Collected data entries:
• • •

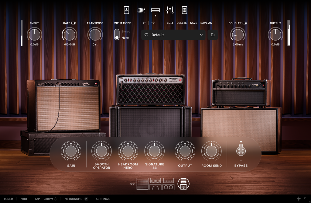 Headroom Heroは、広大なクリーンヘッドルーム、即応性、そして並外れたレスポンスを特徴としています。極限の音量でも、トーンはクリアで広がりがあり、圧縮されていないまま、プレイヤーのタッチのあらゆるニュアンスを余すところなく表現します。クリーンチャンネルは音割れせず、多くの設計ではコンプレッションやディストーションに頼らざるを得ない状況下でも、明瞭さと力強さを維持するアンプです。また、オルタネート入力は、必要に応じて意図的にサチュレーションを加えることも可能です。
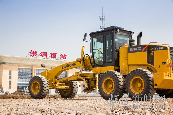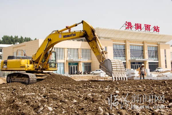 5月30日,施工车辆正在洪洞西站广场紧张作业。 王培基 摄
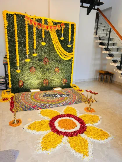 I create complete setups for your baby's first rice-eating ceremony, a milestone filled with blessings. I offer both traditional decor with marigold flowers and lush greenery, as well as modern themes with personalized backdrops and balloon arrangements.
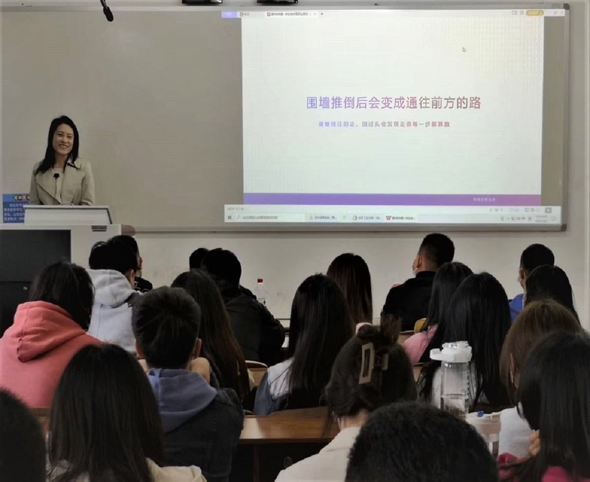 10月7日上午,sunbet会计系邀请贝瑞基因财务经理白露为会计学专业2022级专起本新生做了职业生涯规划专题讲座,讲座题为“围墙推倒后会变成通往前方的路”。
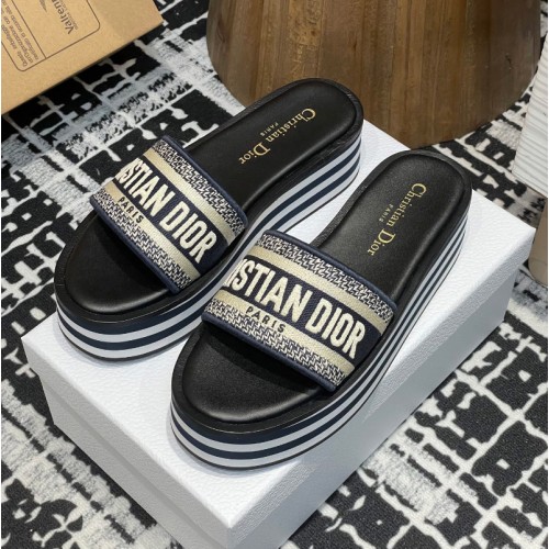 디올 디웨이 플랫폼 여성 뮬 샌들 딥블루 KCO258ERC
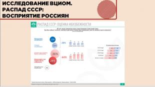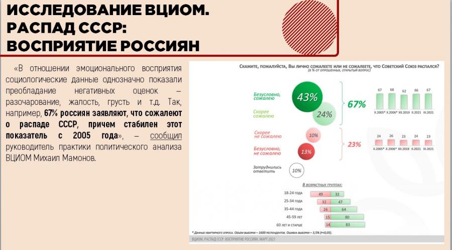 2. Правительственный ВЦИОМ представил выводы своего исследования мнения граждан России в связи с ликвидацией СССР. «В отношении эмоционального восприятия социологические данные однозначно показали преобладание негативных оценок — разочарование, жалость, грусть и т.д. Так, например, 67% россиян заявляют, что сожалеют о распаде СССР, причем стабилен этот показатель с 2005 года», — сообщил руководитель практики политического анализа ВЦИОМ Михаил Мамонов.
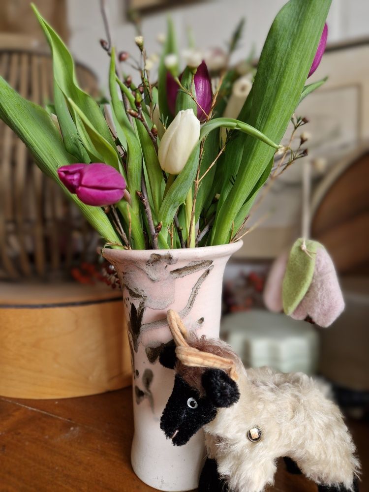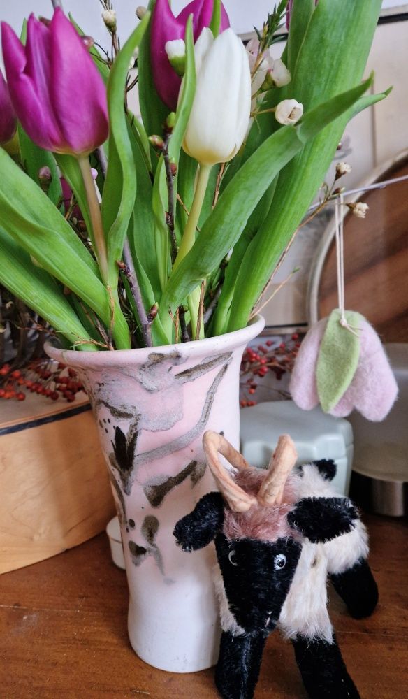 Neben letzten Stichen am Kostüm des „Wassermann“ habe ich viel Textiles repariert, meist per Hand: Leder, Wolle, Baumwolle und hab von allem keine Fotos 😅, genau wie von zwei Geburtstagsgeschenken. Aber endlich wieder einen Strauß: zweierlei Tulpen in meiner rosa Vase, mit Wachsblümchen, Kirschzweigen und etwas Deko, etwas Rosa für niwibo sucht. Eigentlich wollte auch ich rosa Tulpen, aber es gab nirgends welche gestern. Na, Violett und Weiß würde Rosa ergeben und gefällt mir auch in der schwarz-rosa Vase.
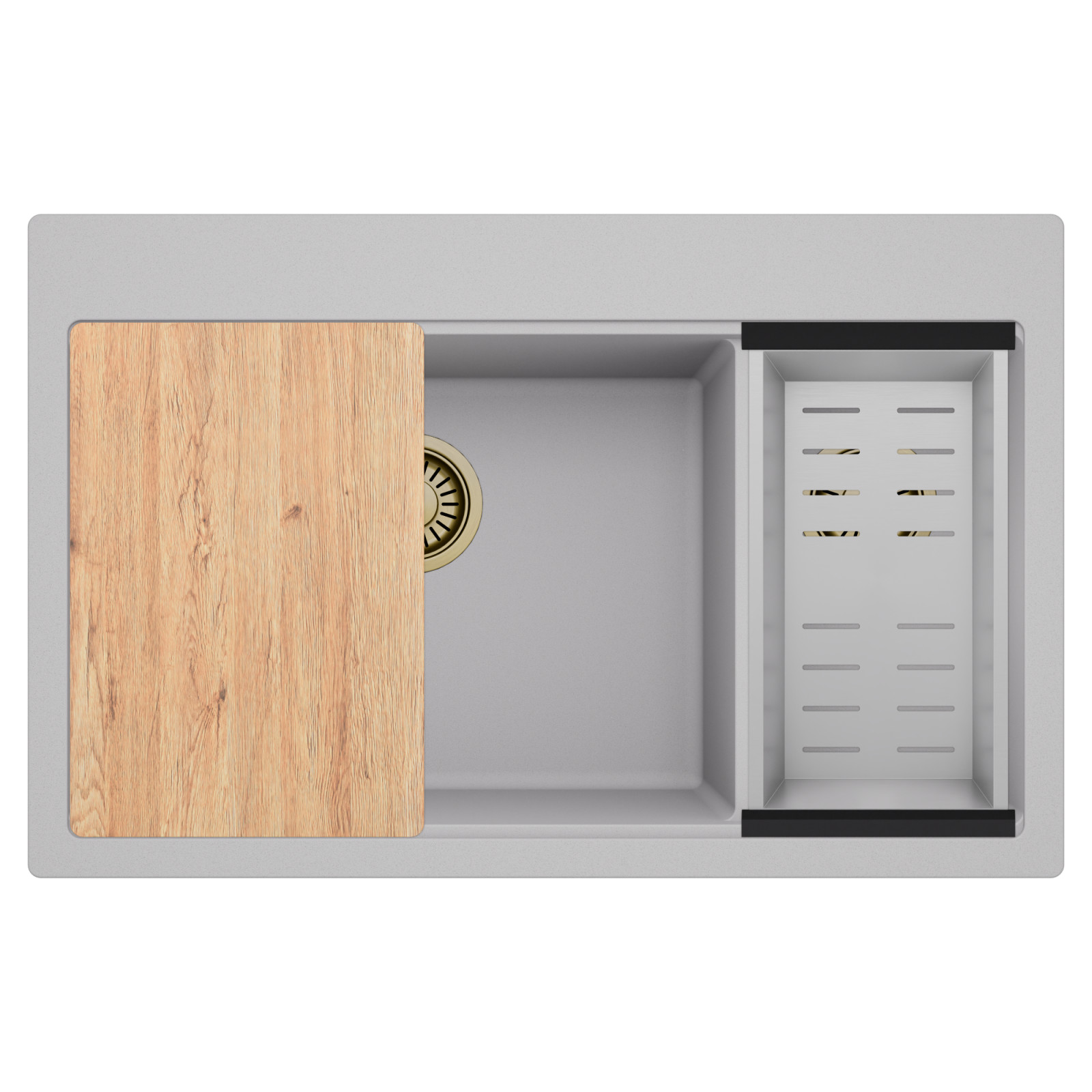HD Aspen Grey 78 Kétmedencés mosogatótálca szett, vágódeszkával és csepegtetőkosárral, alpesi szürke

• • •

# [AIM OF THE EXERCISE]
Repeat exactly the lines above, from the line containing "Neben letzten Stichen" through the last line of the records, inclusive; omit any pictures.

# [RESULT OF THIS TASK]
 Neben letzten Stichen am Kostüm des „Wassermann“ habe ich viel Textiles repariert, meist per Hand: Leder, Wolle, Baumwolle und hab von allem keine Fotos 😅, genau wie von zwei Geburtstagsgeschenken. Aber endlich wieder einen Strauß: zweierlei Tulpen in meiner rosa Vase, mit Wachsblümchen, Kirschzweigen und etwas Deko, etwas Rosa für niwibo sucht. Eigentlich wollte auch ich rosa Tulpen, aber es gab nirgends welche gestern. Na, Violett und Weiß würde Rosa ergeben und gefällt mir auch in der schwarz-rosa Vase.
HD Aspen Grey 78 Kétmedencés mosogatótálca szett, vágódeszkával és csepegtetőkosárral, alpesi szürke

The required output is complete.